WORK INSTRUCTIONS
Please write out all the data that follows exactly, without the pictures.

TASK INPUT
▼▼▼

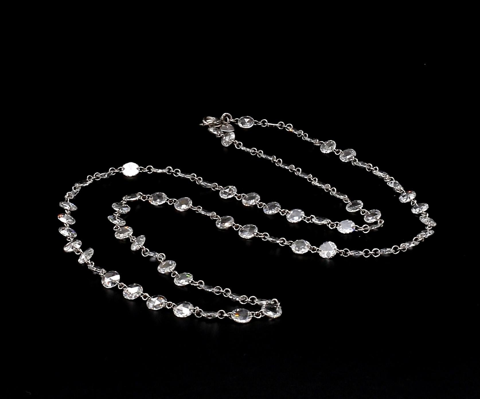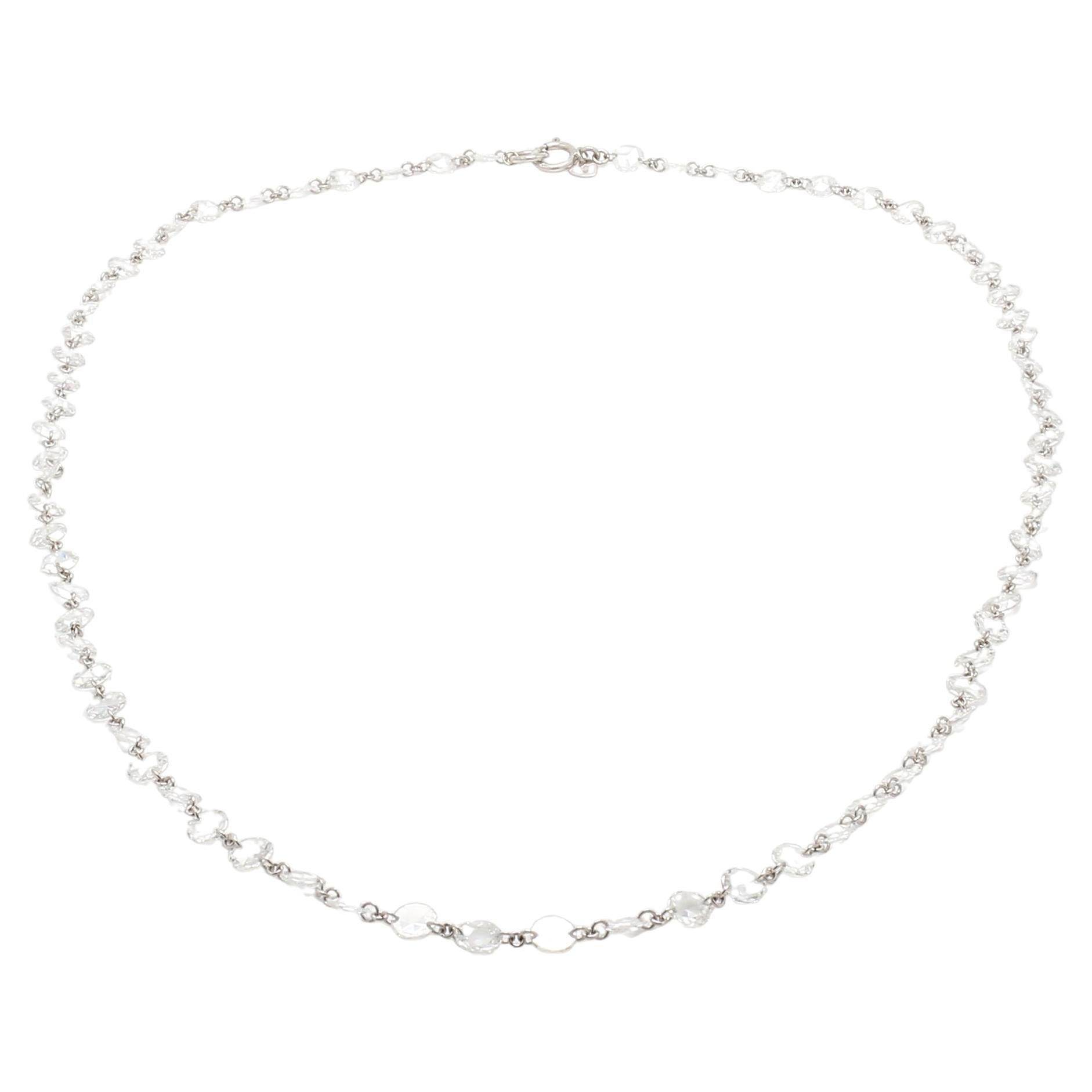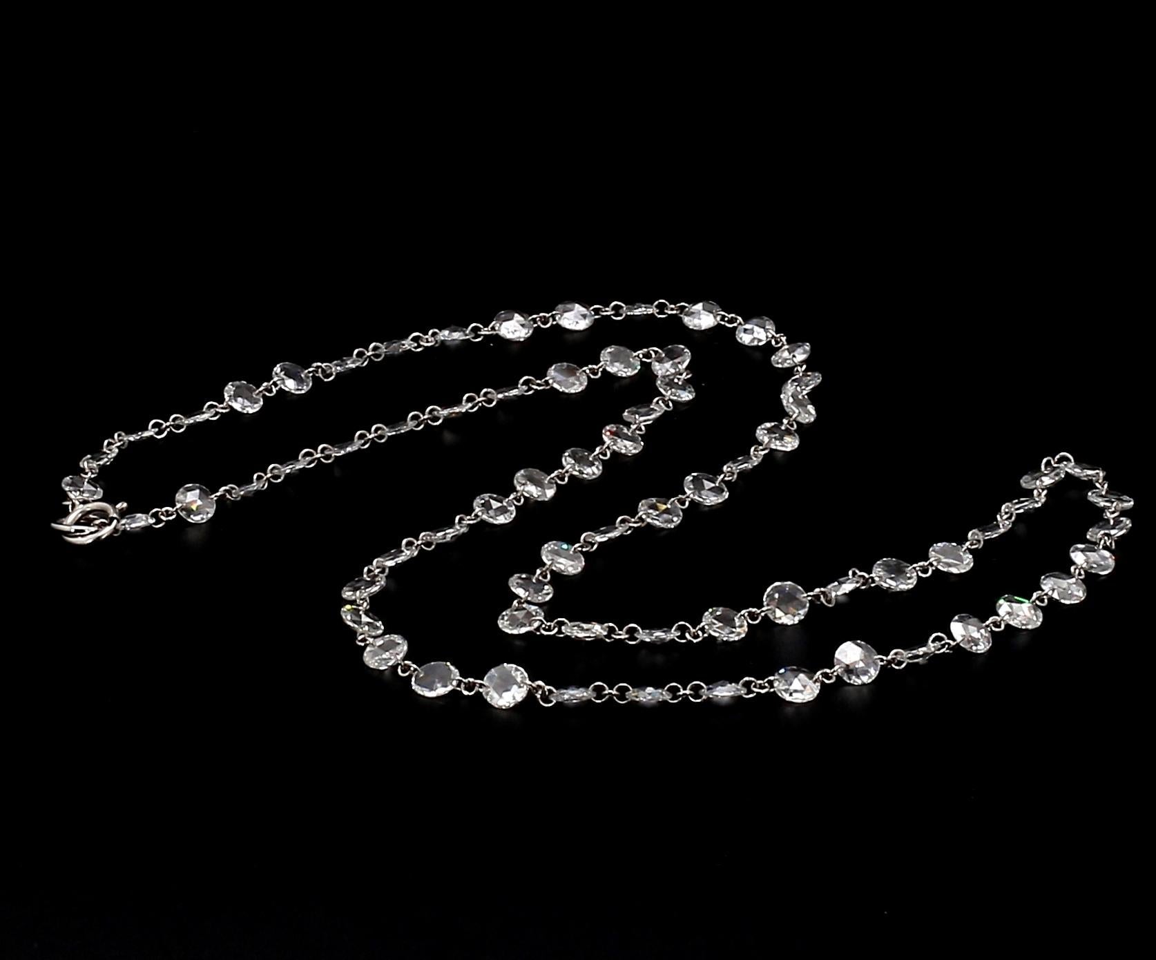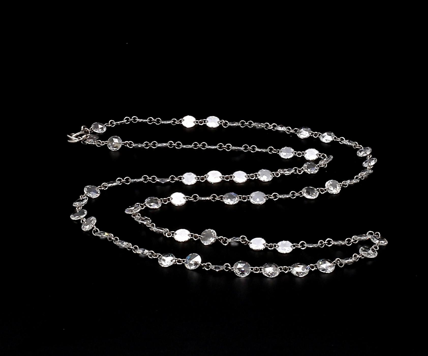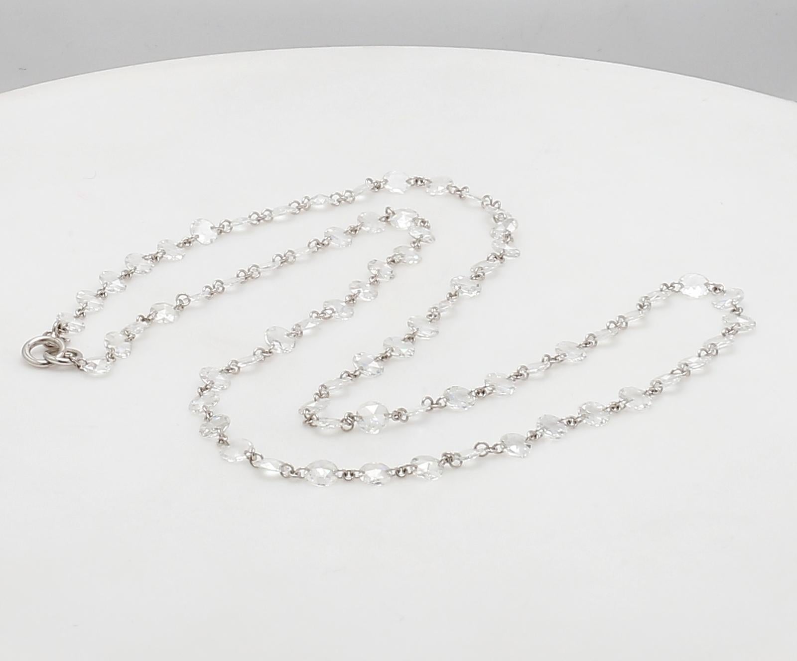 A gorgeous diamond necklace is a staple in everyone's wardrobe .This Panim Classic Diamond Rosecut Necklace features round shape diamond rosecut .These diamonds sparkle incredibly ,set in 18k white gold .This diamond necklace can be worn alone or can be layered with other necklaces .The length of the necklace is 16 inches.
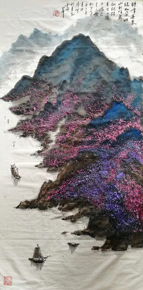 ![]() 中国画注重文以载道,具有鲜明的艺术特色和丰富的内涵。以独特美学价值、艺术语言表达其形象、情趣及意境;将民族特有的思维方式,审美意识,文化传统和哲学观念融为一体,来概括对客观物象的表现,从而达到“天人合一”的理想境界。中国画不仅具有很强的描写性,而且富有诗意,一幅精美的画作之所以给人以美的享受,除了源于风景秀丽的自然美景,艺术家要有匠心独运的构思,高超艺术技法的运用,经过笔墨色彩的渲染,使气韵生动的自然美景跃然纸上。在当代画坛、张洪济先生是一位博学多识、德艺双馨的艺术家,在山水、花鸟画创作方面有着自己独特的追求和价值取向,其笔下的作品与诗意融合在一起,达到了一种美妙高深的艺术境界。
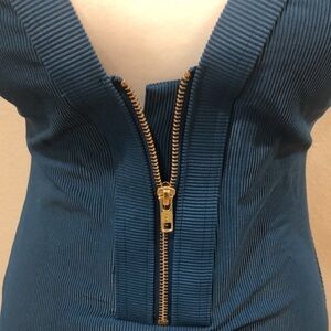 KONA Sol dark teal one piece swimsuit zipper front plunge neckline. Size S
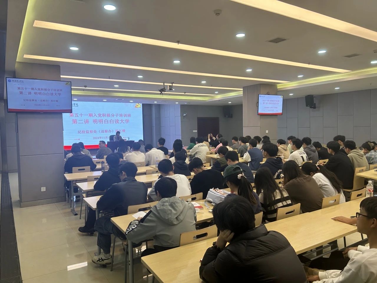 11月12日下午,我院在图书馆多功能厅举办第五十一期入党积极分子培训班第三课。本次党课主题为“明明白白读大学”,由纪检监察处(巡察办)处长周红熳主讲,51fun吃瓜入口第51期入党积极分子培训班学员参加。
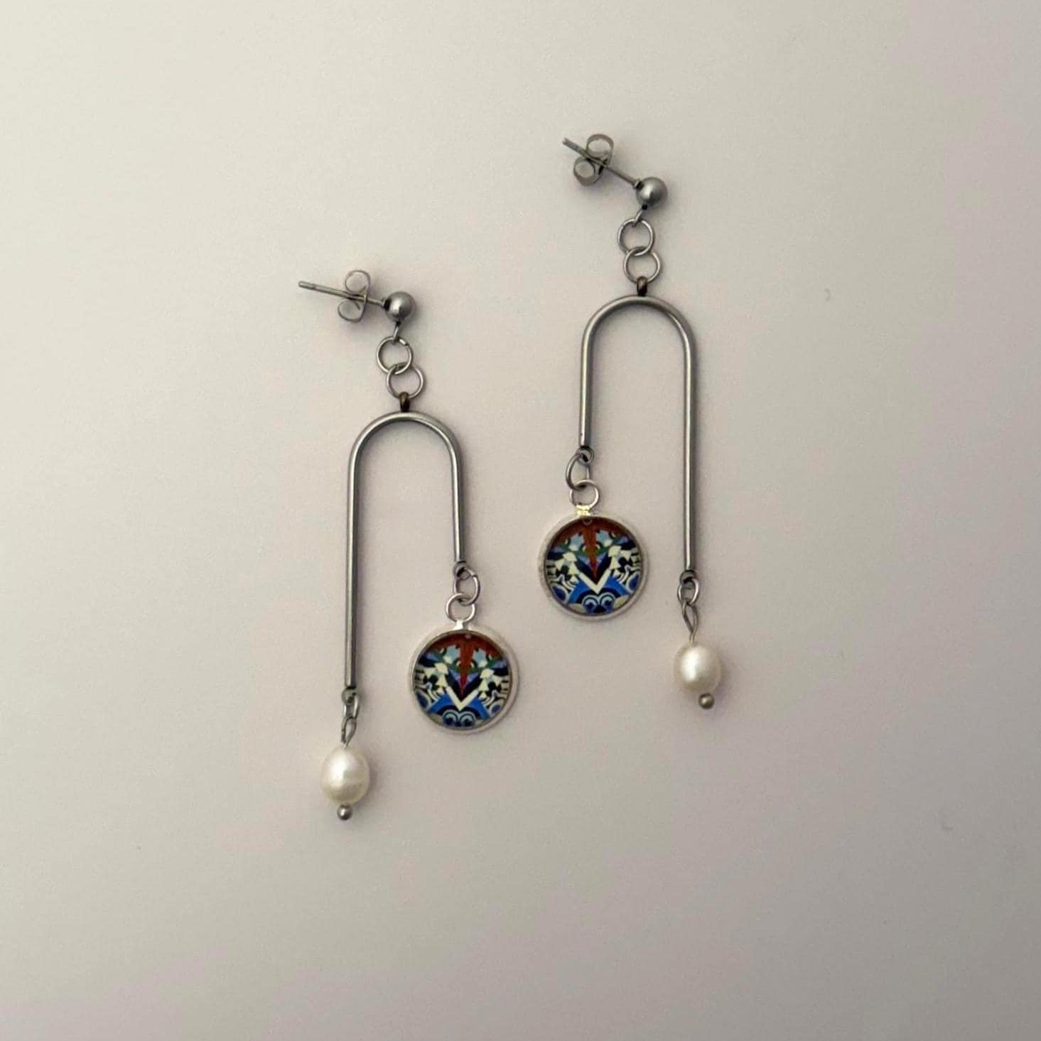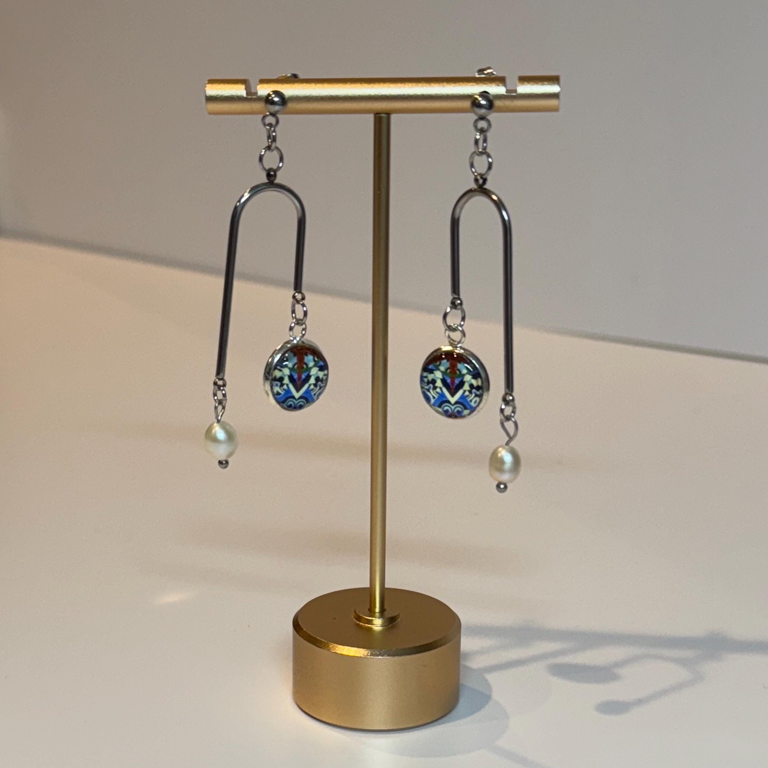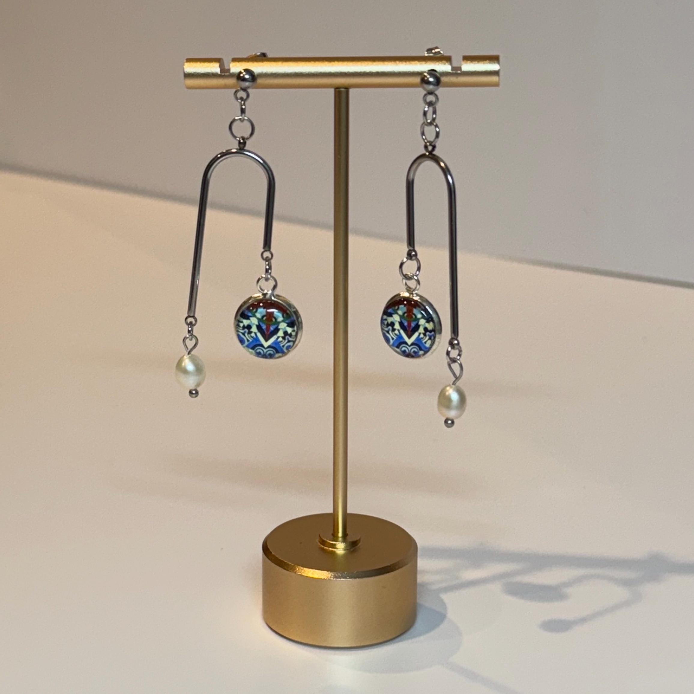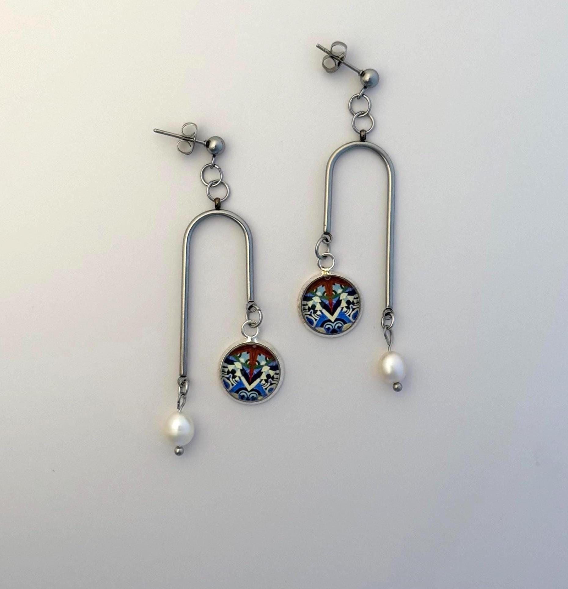 Stunning, chandelier earrings with 12mm glass and freshwater pearl charms set in steel. Total drop is approximately 1.6". These statement earrings with a bold, vivid design were created from original photo the "Bright Moments, Memories of the Future" mural by Mitchell Caton & Calvin Jones, which is painted on the exterior wall of the historic Avalon Regal Theater in Avalon Park/South Shore, Chicago.

▲▲▲

TASK ANSWER
 A gorgeous diamond necklace is a staple in everyone's wardrobe .This Panim Classic Diamond Rosecut Necklace features round shape diamond rosecut .These diamonds sparkle incredibly ,set in 18k white gold .This diamond necklace can be worn alone or can be layered with other necklaces .The length of the necklace is 16 inches.
 ![]() 中国画注重文以载道,具有鲜明的艺术特色和丰富的内涵。以独特美学价值、艺术语言表达其形象、情趣及意境;将民族特有的思维方式,审美意识,文化传统和哲学观念融为一体,来概括对客观物象的表现,从而达到“天人合一”的理想境界。中国画不仅具有很强的描写性,而且富有诗意,一幅精美的画作之所以给人以美的享受,除了源于风景秀丽的自然美景,艺术家要有匠心独运的构思,高超艺术技法的运用,经过笔墨色彩的渲染,使气韵生动的自然美景跃然纸上。在当代画坛、张洪济先生是一位博学多识、德艺双馨的艺术家,在山水、花鸟画创作方面有着自己独特的追求和价值取向,其笔下的作品与诗意融合在一起,达到了一种美妙高深的艺术境界。
 KONA Sol dark teal one piece swimsuit zipper front plunge neckline. Size S
 11月12日下午,我院在图书馆多功能厅举办第五十一期入党积极分子培训班第三课。本次党课主题为“明明白白读大学”,由纪检监察处(巡察办)处长周红熳主讲,51fun吃瓜入口第51期入党积极分子培训班学员参加。
 Stunning, chandelier earrings with 12mm glass and freshwater pearl charms set in steel. Total drop is approximately 1.6". These statement earrings with a bold, vivid design were created from original photo the "Bright Moments, Memories of the Future" mural by Mitchell Caton & Calvin Jones, which is painted on the exterior wall of the historic Avalon Regal Theater in Avalon Park/South Shore, Chicago.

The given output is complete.